George Clooney Arrested Protesting Outside Sudanese Embassy

Hollywood star's act of civil disobedience in Washington, D.C., raises awareness about crisis in South Sudan

By Josh Grossberg Mar 16, 2012 3:32 PMTags

George Clooney is willing to go to jail to help the Sudanese people.

A day after meeting with President Obama privately in the Oval Office to relate his firsthand account of the dire humanitarian crisis going on in South Sudan, the Hollywood actor took his activism to a whole 'nother level by getting arrested this morning outside the Sudanese embassy. 

So what did Clooney have to say before he was cuffed and hauled away?

Win McNamee/Getty Images

"We're here to ask two very important questions," Clooney told a throng of reporters. "We need immedate humanitarian aid into Sudan before it becomes the worst humanitarian crisis in the world and...the second thing we ask is for the government in Khartoum to stop killing their own men, women and children...stop raping them and stop starving them."

U.S. Secret Service spokesperson Max Milien confirmed today's arrest to E! News, saying Clooney was taken into custody for "disorderly crossing of a police line."

He was transported to the 2nd district of the Washington, D.C. police department and will be booked on a misdemeanor. No word if bail has been set or when he'll be getting out.

The Oscar winner's rep told E! News that after returning last week from a nine-day trip to the region, the A-lister believed time was running out to help prevent the deaths of millions of people and civil disobedience was necessary to keep the story front and center.

Arrested along with Clooney were his father, journalist Nick Clooney, as well as Martin Luther King III, NAACP President Ben Jealous and several congressmen.
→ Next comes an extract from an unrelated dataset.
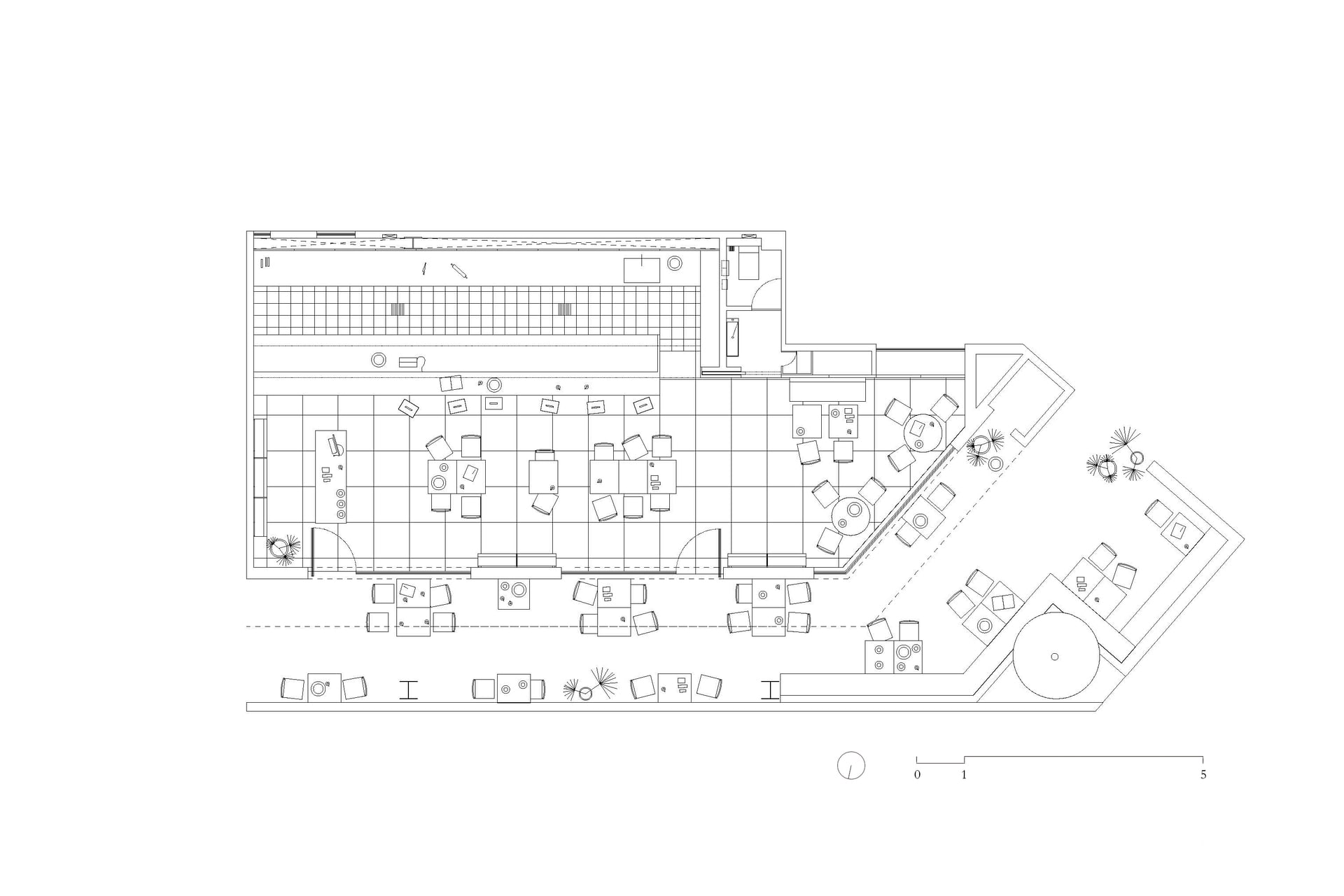 El proyecto arquitectónico propone una distribución espacial eficiente definida por las aperturas de un solo muro. Este muro habitable contiene los servicios y permite la interacción entre la cocina, los servicios y el restaurante. Este elemento enfatiza la horizontalidad - un concepto recurrente en los restaurantes de Enrique Olvera - a través de paneles de madera que van del suelo al techo por una longitud de 11 metros. La modulación de estos paneles y sus vanos no sólo delimitan los distintos programas, sino que también dan sentido y orden al espacio. El muro funciona también como una barra de servicio, ya sea para sentarse a comer, almacenar productos o entregar platillos.
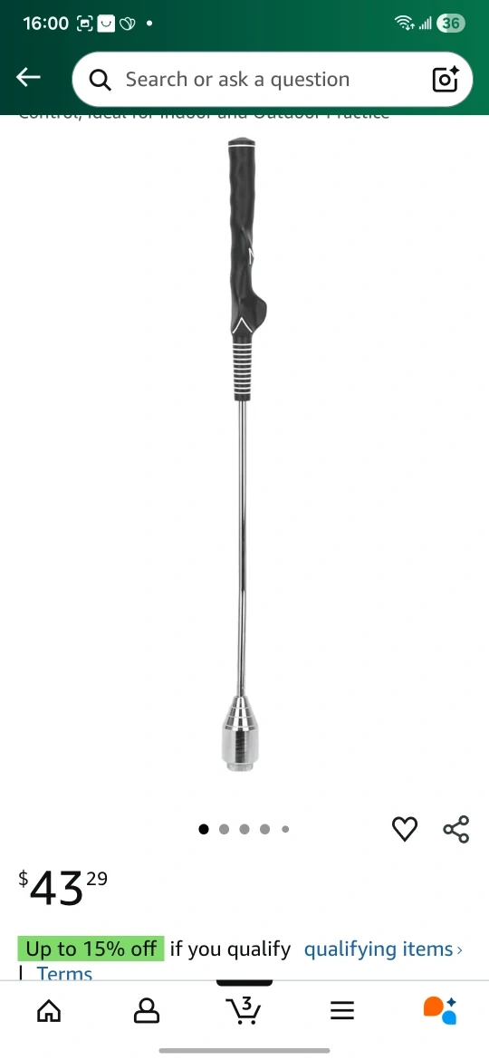 This is a QWUUYEC golf swing training stick. It has a steel plated rubber grip. It's designed for right-hand use and measures 25.98 inches. Ideal for indoor and outdoor practice, helping to improve your swing control

"They were protesting the violence committed by the government of Sudan on its own innocent men, women and children," said publicist Stan Rosenfeld. "They were demanding they allow humanitarian aid into the country before it becomes the largest humanitarian crisis in the world."

Clooney, 50, turned heads on Wednesday when he testified before the Senate on the violence and oppression he was witnessing in the country. The thesp also made the media rounds where he talked about increasing violence and a firsthand account of feeling a rocket blast a mile away from the village he had visited.